Glioblastoma multiforme (GBM) is the most common brain tumor and is nearly uniformly fatal. Development of new therapeutics has been slow and difficult (Alexander et al., 2013), in part because GBM is a complex and heterogeneous disease (Brennan et al., 2013). One possible strategy to achieve complete and durable remission is to tailor a combination of drugs that targets multiple vulnerabilities in a patient’s tumor. What is needed to test this strategy is an approach that navigates the large space of possible drug combinations and prioritizes specific drug combinations based on the molecular signatures of a patient’s tumor. We hypothesized that knowledge of the detailed architecture of transcription factor (TF) and microRNA (miRNA) regulatory interactions in the form of a transcriptional regulatory network (TRN) would provide the mechanistic details required to prioritize combinatorial interventions. Both TFs (Cai et al., 1996) and, more recently, miRNAs (Bouchie, 2013) have been used as therapeutic targets. In fact, consistent with the situation ∼20 years ago (Cai et al., 1996), therapies targeting TFs still comprise 14% of the top 50 best-selling FDA-approved drugs in 2014. Additionally, therapies targeting TFs and miRNAs have the potential for a broader effect than those targeting a single gene, as these regulators control many genes associated with diverse oncogenic biological processes.

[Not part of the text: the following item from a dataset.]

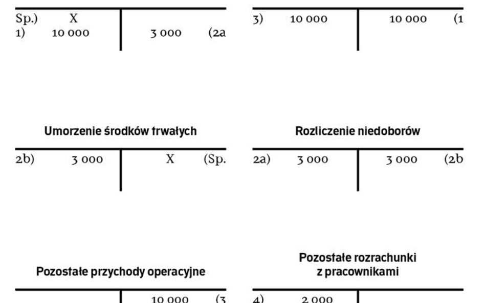 W przypadku stwierdzenia niedoborów środków trwałych całkowicie umorzonych na koncie „Rozliczenie niedoborów" ujmowane jest wyłącznie wyksięgowanie wartości początkowej i umorzenia w tych samych kwotach po stronie Wn i Ma. Gdy niedobór umorzonego w całości środka trwałego zostanie uznany za zawiniony, należy dodatkowo zaksięgować roszczenie na koncie rozrachunków z pracownikami, w korespondencji z pozostałymi przychodami operacyjnymi.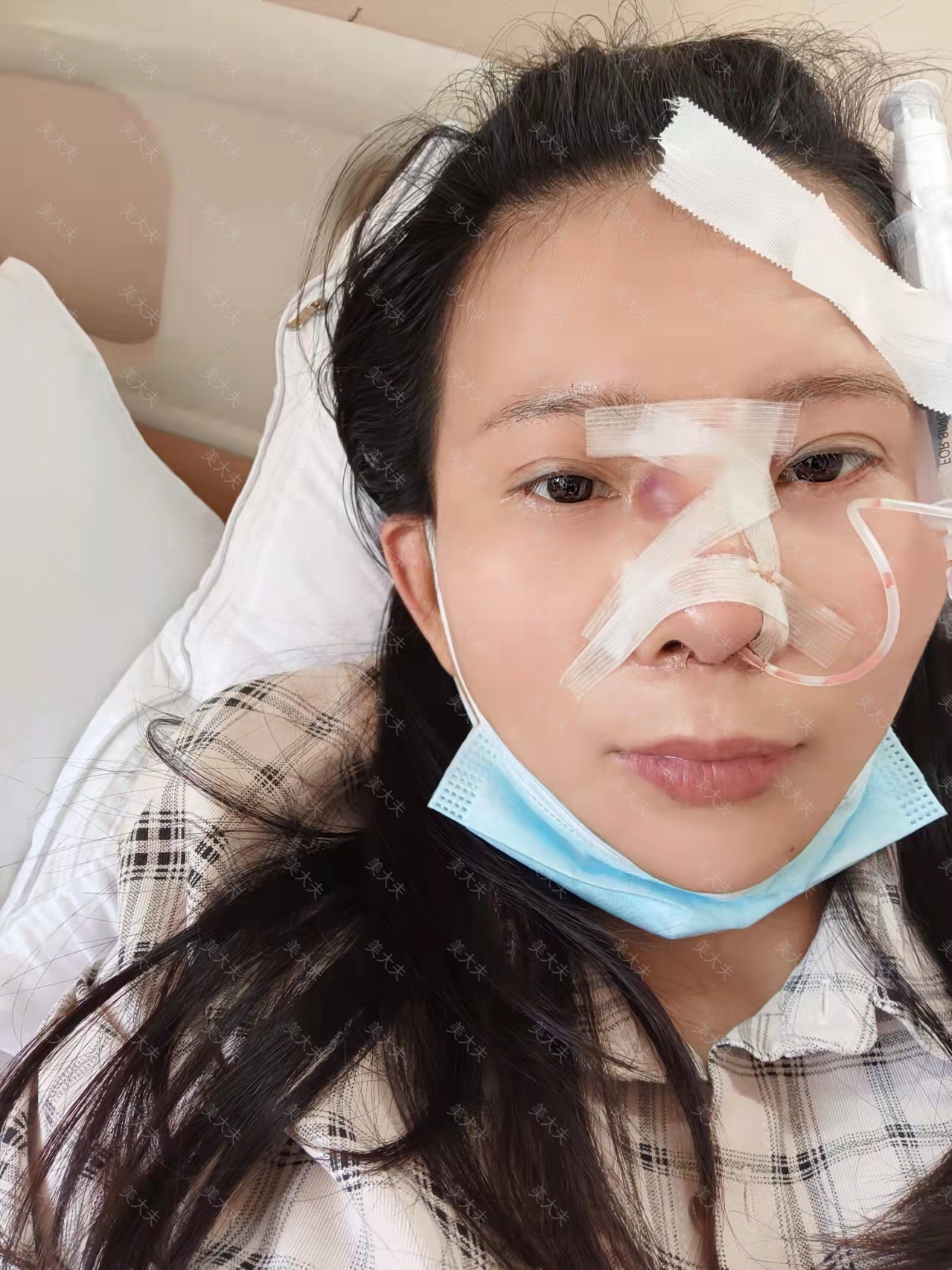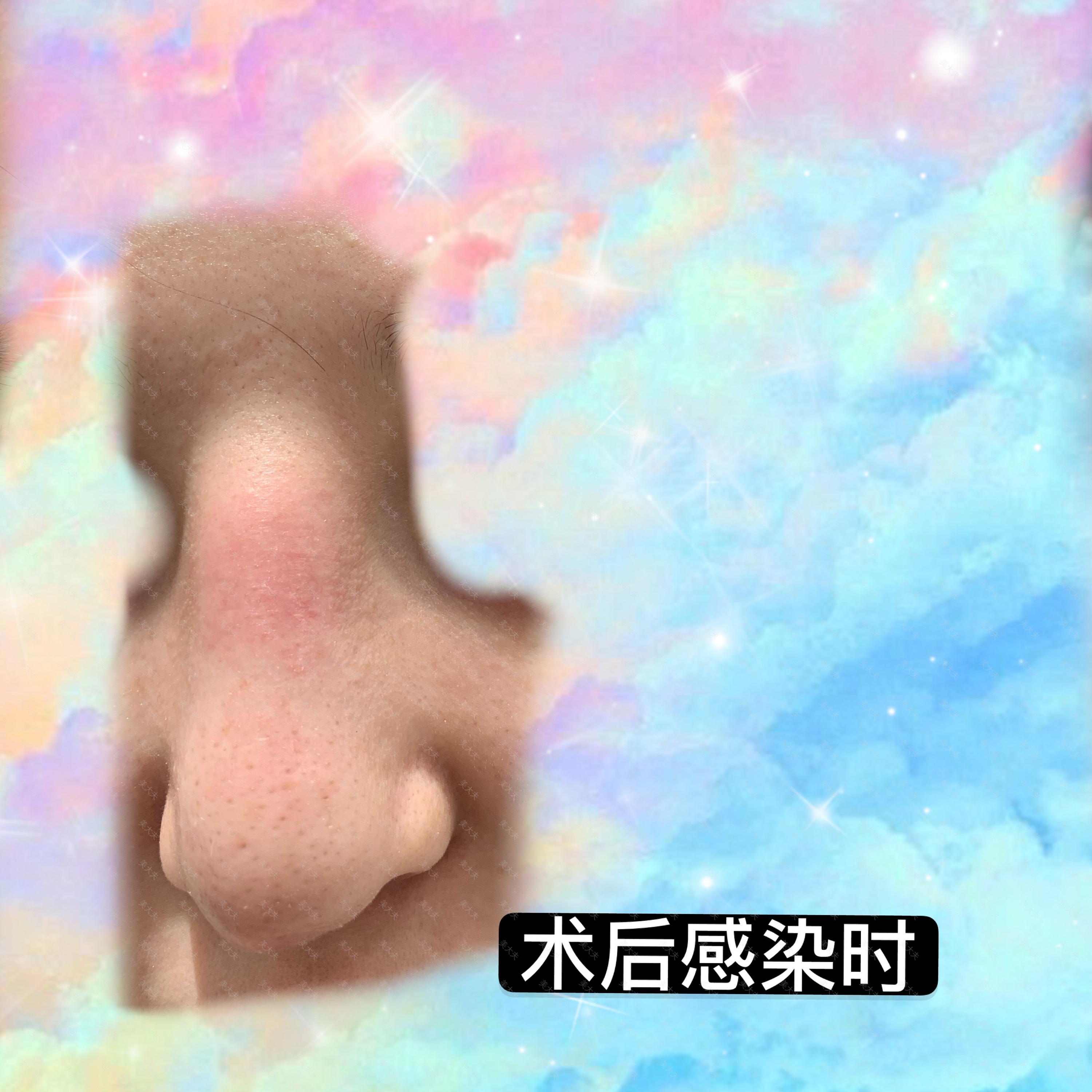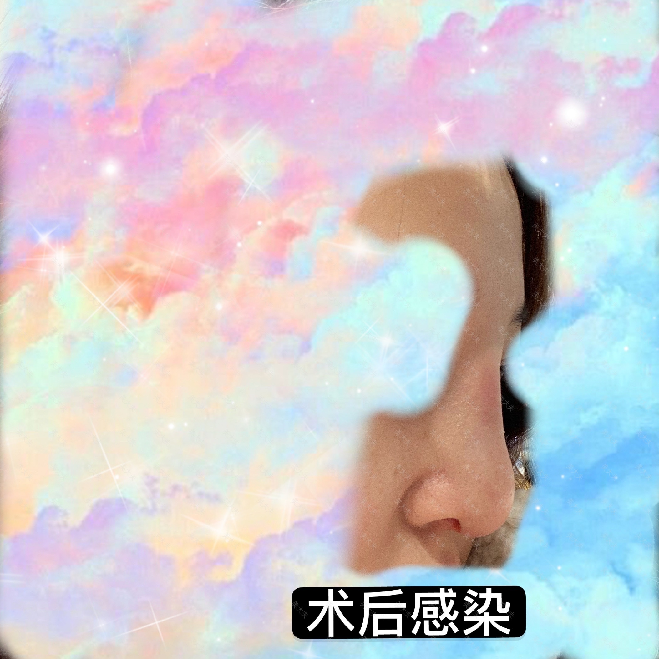 在这里,敲重点了哈!!!不得不夸奖博士后黄医生,别人的膨体感染案例都在鼻头,而经过黄医生之手,我的感染是在山根耶!就是那个最像阿凡达的特征的地方!果然与众不同呢

We have developed a platform for integrating somatic mutations and gene expression from patient data into a mechanistically based transcriptional regulatory network. They applied this approach to construct the most comprehensive regulatory network for the deadly brain cancer glioblastoma multiforme (GBM). We used data from a large consortium (TCGA and ENCODE) to develop a highly integrative approach which they demonstrate can be used to discover the underlying topology of regulatory interactions, potential drug targets, and dissect the biological underpinnings of disease traits (e.g. tumor lymphocyte infiltration). For the first time, this network suggests a regulatory mechanism for how increased cellular immune proteins are associated with increased tumor lymphocyte infiltration and decreased patient survival in GBM.
We developed the TF-target gene database (http://tfbsdb.systemsbiology.net) and the SYstems Genetics Network AnaLysis (SYGNAL) pipeline. We have demonstrated that multi-omic data from each patient can be stitched together into a gbmSYGNAL transcriptional regulatory network (http://glioma.systemsbiology.net) to gain clinically/biologically meaningful insights. And that the network structure and integration with orthogonal information (drug targets) can be used to discover intervention points that can lead to synergistic interactions. This demonstrates that ISB’s new SYGNAL pipeline can become a data integration platform that explains the etiology of a disease and provides the knobs which can be turned to maneuver the system back to a healthier state.